I will soon begin a series of vignettes to promote the excellent band, Special Dental Team, which will be releasing a 5-track EP at some point this year. They began six years ago, in 2002, and have since split into three separate parts of the world, but their upcoming EP will continue the music.

Concurrently, I have begun my fiction workshop class with Pinckney Benedict at SIUC. In addition to suggesting we begin crafting work which we will share with the class in a few weeks, he has assigned us a project of “ludic writing,” which seems to be an experience of intense play that is used to inform writing. While he did not say so explicitly, I gather this experience to be a return to the imaginative play I indulged in as a child: back then I completely lost myself in the characters and situations I put myself in. He had a couple suggestions to begin: he suggested running through the woods with a partner, alternating hunting and being hunted, but his primary suggestion was to enjoy games with specific rules. He suggested taking these games seriously, imagining them as if we were acting the roles we represented in the game. He had significantly more to say about the topic–more, in fact, than I could grasp quickly enough to note–but my immersion in his lecture did not make me an expert. Giving me this basic idea of the concept gave me inspiration to try it whole-heartedly, though, and use it towards this Special Dental Team project.

Before I start, I essayed with another technique he mentioned in class: ekphrasis. “Ekphrasis or ecphrasis is the graphic, often dramatic description of a visual work of art. In ancient times it referred to a description of any thing, person, or experience. The word comes from the Greek ek and phrasis, ‘out’ and ’speak’ respectively, verb ekphrazein, to proclaim or call an inanimate object by name” (Wikipedia, 8/21/2008). Inspired by these techniques but unsure of where to start, I sought random Special Dental Team music, and came up with the track “Mumei Yume.” I closed my eyes and indulged in the music, using it to craft a situation in my mind which I will soon put myself in:

Having risen, I arrive at and stroll through the woods, carrying great importance.

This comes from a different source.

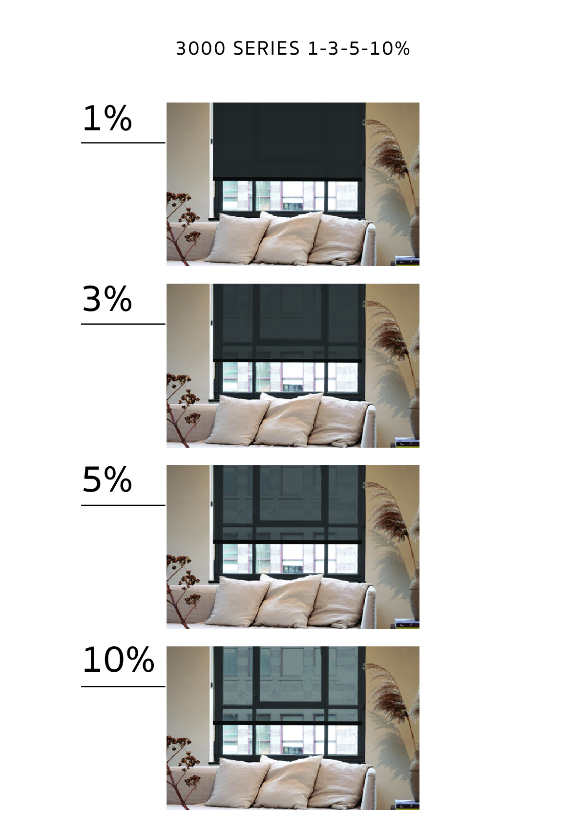 These polyester based fabrics have a tightly woven 1 x 1 basket construction and an open-ness factor of 1%. The fabric comes in 6 natural colors and is available in a width up to 3 meters.Thanks to its tightly woven structure, screen Essential 5001 provides privacy and noise reduction while preserving an adequate view outside.

Spirits of my people accompany me; I have left them for life. I have passed forever from them for a corporeal body. I cannot touch or feel them, but I know they feel me. I remember. I seek them through meditation in the day, when they are most active: for hours I quiet myself near a nurtured tree, feeling to feel them again.

I moved slowly in death. Life is fast and assaulting, and I cling to our careful processes: sprouting the trees and tickling them with our threat. They resist and grow. Death was before time’s distinctions: there was only selfless attention and its connected subjects.

Darkness flows gentle from light, but not now. Having closed eyes under bright sun, darkness slams urgency at my eyelids. I’ve lost myself in meditation and fruitless search; the night offers everything to me, but I must grasp it. I’ve forgotten everything, especially the way back. Life is everywhere, mocking me and the concentrated pace I’ve led, so I speed, frantically, in every direction.

I tried to imagine myself as some sort of creature, but the music points away from this. Its lyrics suggest “octopus eyes” and “octopus mouth,” but I see this as more metaphorical than anything else. The music does not play to a creature with these attributes: the music plays to a human. This human may be more in tune with his or her spiritual self than anyone previously or consequently, but he or she is not a monster. Perhaps in attempting this imaginary game and adopting this role, I will discover what these eyes and mouth indicate. Perhaps they will follow and salivate after me as I run. Perhaps they are the image of urgency I fear.

I hope that the keeper of The Eyeslit-Crypt will provide information relating to the words “mumei” and “yume,” as I could only find mumei: “unsigned, nameless, anonymous (a-no), anonymity” (EDICT, 8/21/2008), and I don’t entirely trust an online translation. I’d much rather trust someone who participated in naming the track, especially when that person speaks Japanese constantly throughout his day.